(Beginning of EXTRACTED INFORMATION)

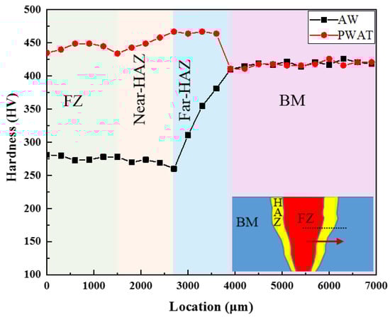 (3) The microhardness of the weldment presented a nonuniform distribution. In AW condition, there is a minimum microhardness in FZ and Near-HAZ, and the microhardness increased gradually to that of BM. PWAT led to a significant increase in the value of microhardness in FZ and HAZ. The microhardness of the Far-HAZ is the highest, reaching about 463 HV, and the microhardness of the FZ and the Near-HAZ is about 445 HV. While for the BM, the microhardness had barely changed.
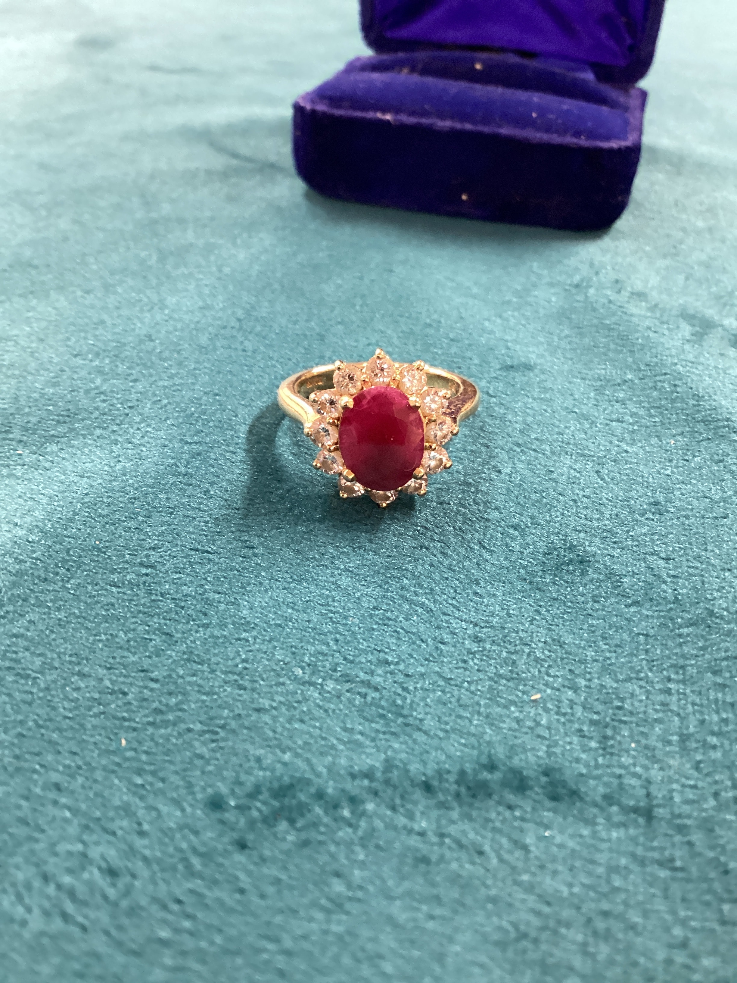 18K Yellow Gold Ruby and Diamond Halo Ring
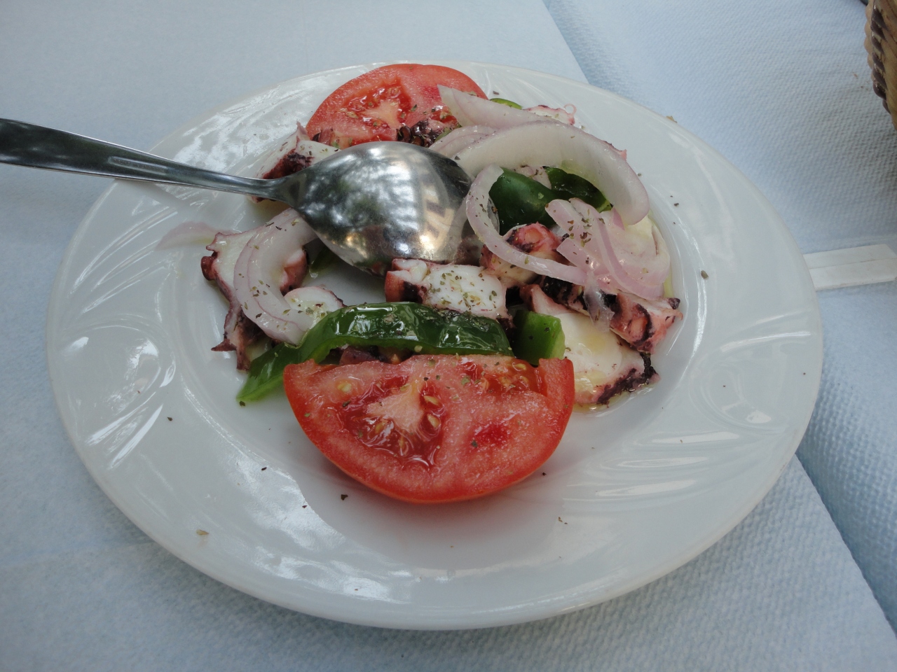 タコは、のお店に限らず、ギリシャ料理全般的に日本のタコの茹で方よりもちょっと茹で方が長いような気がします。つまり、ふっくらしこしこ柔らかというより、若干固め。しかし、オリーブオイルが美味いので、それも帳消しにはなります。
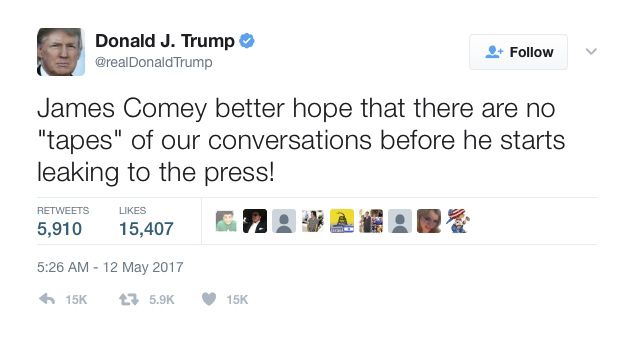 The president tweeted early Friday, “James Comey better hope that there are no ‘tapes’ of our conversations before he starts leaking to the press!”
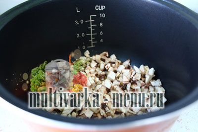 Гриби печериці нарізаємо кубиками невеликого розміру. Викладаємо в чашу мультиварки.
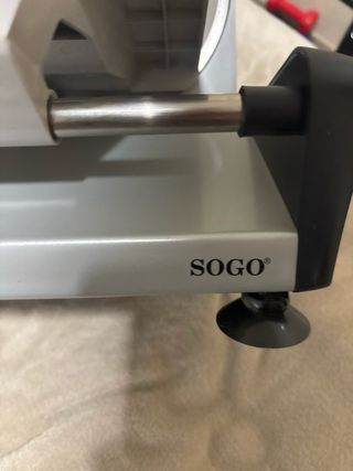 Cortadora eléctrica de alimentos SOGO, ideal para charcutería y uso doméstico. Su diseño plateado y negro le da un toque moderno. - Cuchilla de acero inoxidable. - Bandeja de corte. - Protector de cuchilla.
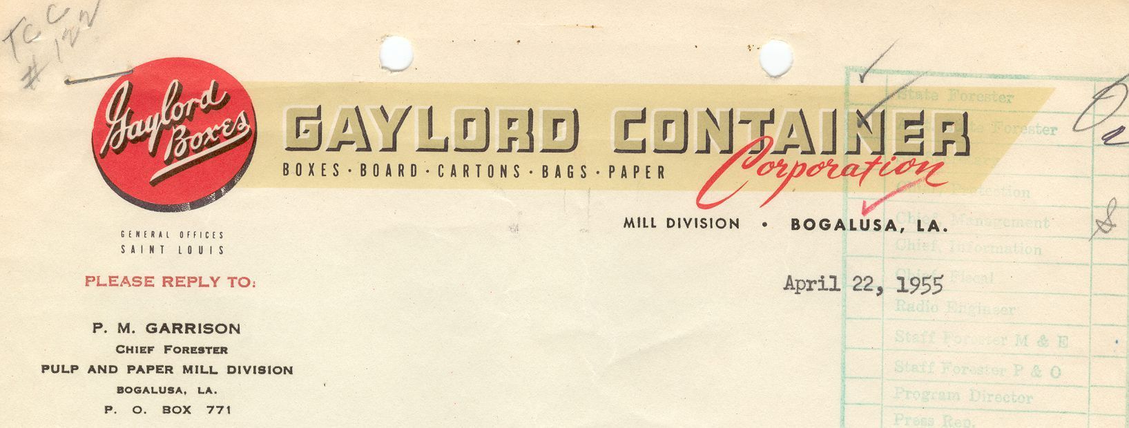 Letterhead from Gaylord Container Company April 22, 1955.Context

(End of EXTRACTED INFORMATION)

TASK TO CARRY OUT> Output every entry verbatim but skip the pictures.

ANSWER SECTION>
 (3) The microhardness of the weldment presented a nonuniform distribution. In AW condition, there is a minimum microhardness in FZ and Near-HAZ, and the microhardness increased gradually to that of BM. PWAT led to a significant increase in the value of microhardness in FZ and HAZ. The microhardness of the Far-HAZ is the highest, reaching about 463 HV, and the microhardness of the FZ and the Near-HAZ is about 445 HV. While for the BM, the microhardness had barely changed.
 18K Yellow Gold Ruby and Diamond Halo Ring
 タコは、のお店に限らず、ギリシャ料理全般的に日本のタコの茹で方よりもちょっと茹で方が長いような気がします。つまり、ふっくらしこしこ柔らかというより、若干固め。しかし、オリーブオイルが美味いので、それも帳消しにはなります。
 The president tweeted early Friday, “James Comey better hope that there are no ‘tapes’ of our conversations before he starts leaking to the press!”
 Гриби печериці нарізаємо кубиками невеликого розміру. Викладаємо в чашу мультиварки.
 Cortadora eléctrica de alimentos SOGO, ideal para charcutería y uso doméstico. Su diseño plateado y negro le da un toque moderno. - Cuchilla de acero inoxidable. - Bandeja de corte. - Protector de cuchilla.
 Letterhead from Gaylord Container Company April 22, 1955.Context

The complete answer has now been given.